We asked our Foolish writers for their top ideas for November. Here are their picks.

Karen Thomas: Agnico Eagle Mines

Inflation has been creeping up on us as the pandemic comes to a close. In fact, it’s a pretty obvious outcome of almost two years of big monetary stimulus. Gold stocks like Agnico-Eagle Mines (TSX:AEM)(NYSE:AEM) outperform when inflation is rising. That’s because gold is a good store of value. In turn, gold stocks benefit from this.

Agnico-Eagle is a leading gold producer with operations in politically safe areas such as Canada and Europe. The company has consistently demonstrated operational excellence, and it has a bright future. Agnico is a strong cash generator, and if gold prices remain firm and/or rise, as I believe they will, this will continue. In short, Agnico is the safe haven I’m flocking to in these times of rising inflation and uncertainty.

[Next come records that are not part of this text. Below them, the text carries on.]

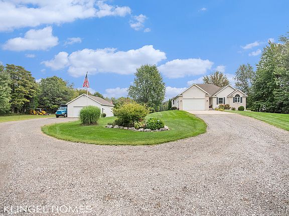 Welcome to 5632 Sullivan Rd, Nunica! This beautiful ranch style home is situated on almost 10 acres of land and offers serene views! This home has been recently updated with gorgeous luxury vinyl plank flooring throughout the entire main level, neutral paint tones, and modern light fixtures! The open concept floor plan will allow you to entertain your guests flawlessly! Heading into the kitchen you are welcomed by white cabinetry, granite countertops, stainless steel appliances and a beautiful breakfast nook! The expansive primary bedroom offers a sitting area, and an attached ensuite with a beautiful double vanity and tiled stand up shower! Also on the main level are two additional bedrooms, one of which can be used as an office space! Heading to the fully finished lower level, you will see an additional family area with a walkout and view to the beautiful pond! The lower level also features 2 additional bedrooms, full bathroom and laundry area! The exterior of this home has been meticulously maintained and offers gorgeous landscaping, white picket fence, and 2 large outbuildings! This home is a must see! Call today to schedule your private showing!
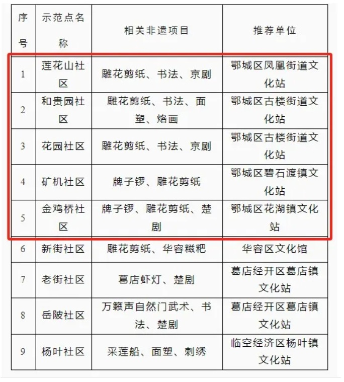 鄂州公布9个“非遗在社区”示范点!
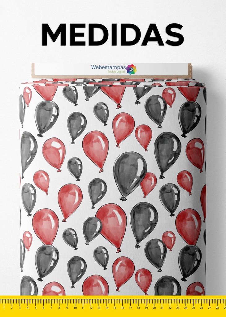 Tecido Helanca Estampa Digital Balões Vermelhos e Pretos 1,55m de Largura
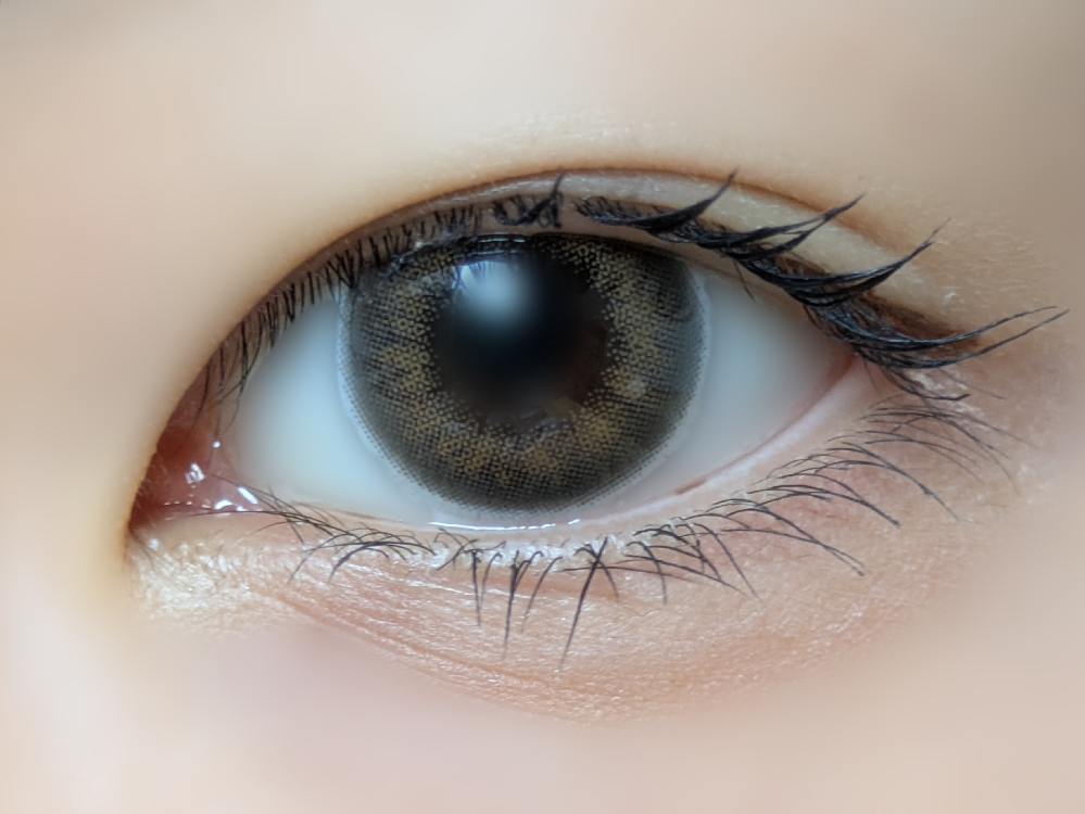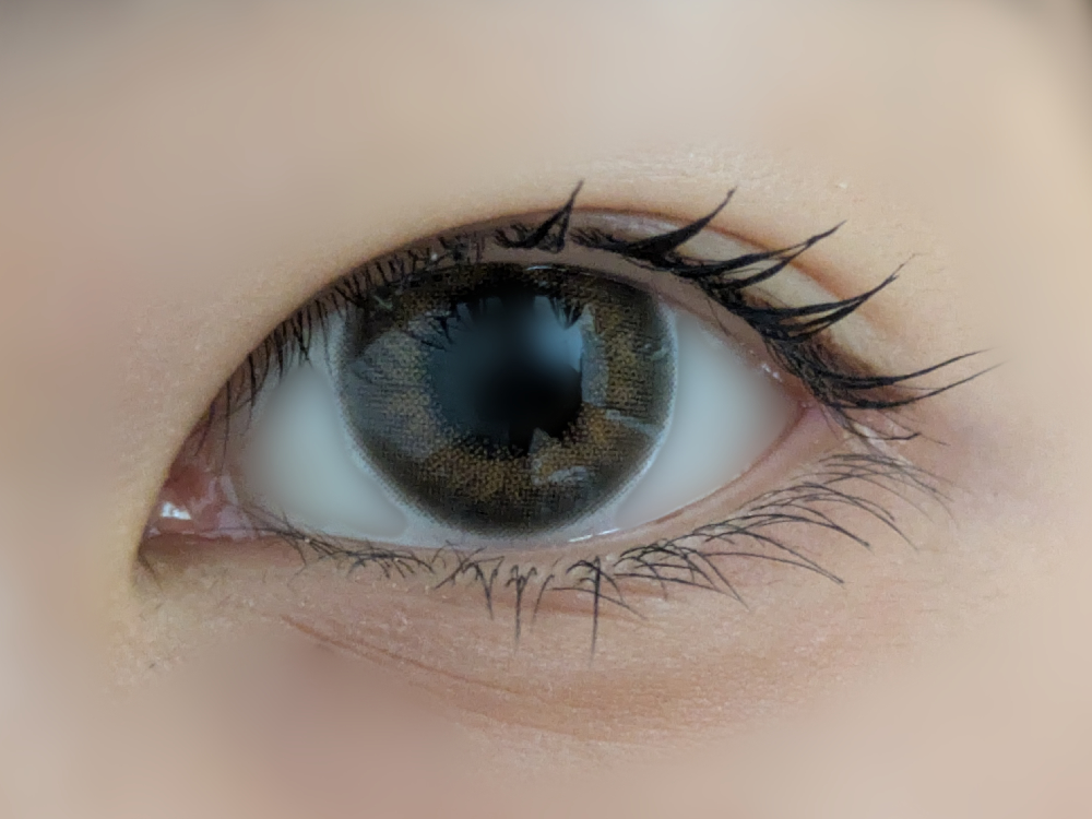 黒目だけどちゃんと発色するしフチも柄もいい感じにぼけてて丁度いい👍イエベブルベ関係なくつかえそう!透明感でるし儚い感じでかわいかったけど、着色は体感小さめだった

Fool contributor Karen Thomas owns shares of Agnico Eagle Mines Ltd.

Puja Tayal: Dye & Durham

My top TSX stock pick for November is Dye & Durham (TSX:DND), one of the successful initial public offering (IPOs) of 2020. The stock saw a 20% correction in September, as the company rejected a $2.8 billion buyout offer that would take it private. Hence, it is no surprise the interested party sold their Dye & Durham shares, pulling the stock down. But there is no change in its long-term growth strategy or cash flows. The company has long-term contracts with government companies and professionals. It will continue to pursue acquisition opportunities in the future. The correction is a good opportunity to buy the dip.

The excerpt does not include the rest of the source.